2011-01-26

From EPN to BPMN

Book "Event Processing in Action" contains "Fast Flowers Delivery" use case. Below I tried to reproduce this use case in BPMN to see the internal behavior of each participant.


I think, I have to switch to BPMN 2.0 to better handle exceptions.

Thanks,
AS


2 comments:

Anonymous said...

BPMN 2.0 introduces escalation event type and non-interrupting events. Do you really need them? Within BPMN 1.x escalation may be substituded by an error and non-interrupting event processing may be implemented by a parallel gateway.

You overuse pools and messages I'm afraid. My rule of thumb is to use lanes and control flows as long as possible (but no longer indeed).

As Bruce Silver says: "The best solution of all is to make those pools lanes instead, and replace the message flows with sequence flows.
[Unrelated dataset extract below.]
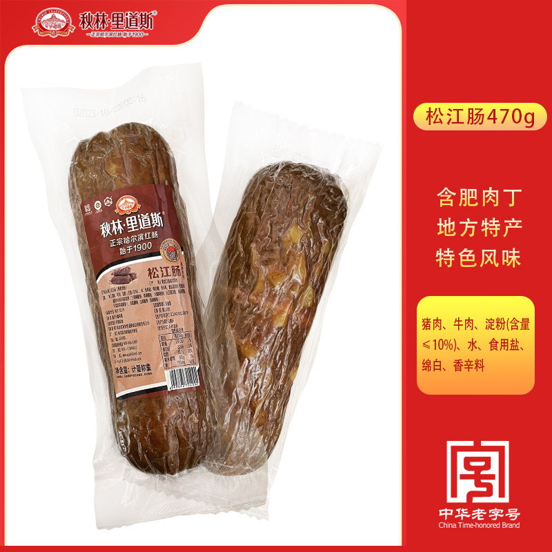 秋林里道斯松江肠470g 含肥肉丁肥肉丁蒜香货果木熏烤

That’s probably what the modeler intended… before the BPMN spec (and Visio) muddied the waters with the notion that pools and lanes are sort of the same thing." http://www.brsilver.com/2010/10/18/what-is-a-process/

Alex said...

Anatoly,

In the same post Bruce Silver supported the following “I believe that the multi-pool approach to modeling is underused by modelers and undersupported by tool vendors. I consider this one of the most powerful conceptual revolutions represented by BPMN.” Exactly that “feature” of BPMN is exploited in my diagram.

In this diagram I don’t see any potential use of lanes – all pools are just different participants from different organisations and with their own life-cycles. But, as the result, I got a “distributed” system of mutually coordinating processes. It is well known that the error handling in any distributed system is more complicated than in a monolith system. So, in-line blocks with error handling may help to keep diagrams tidy.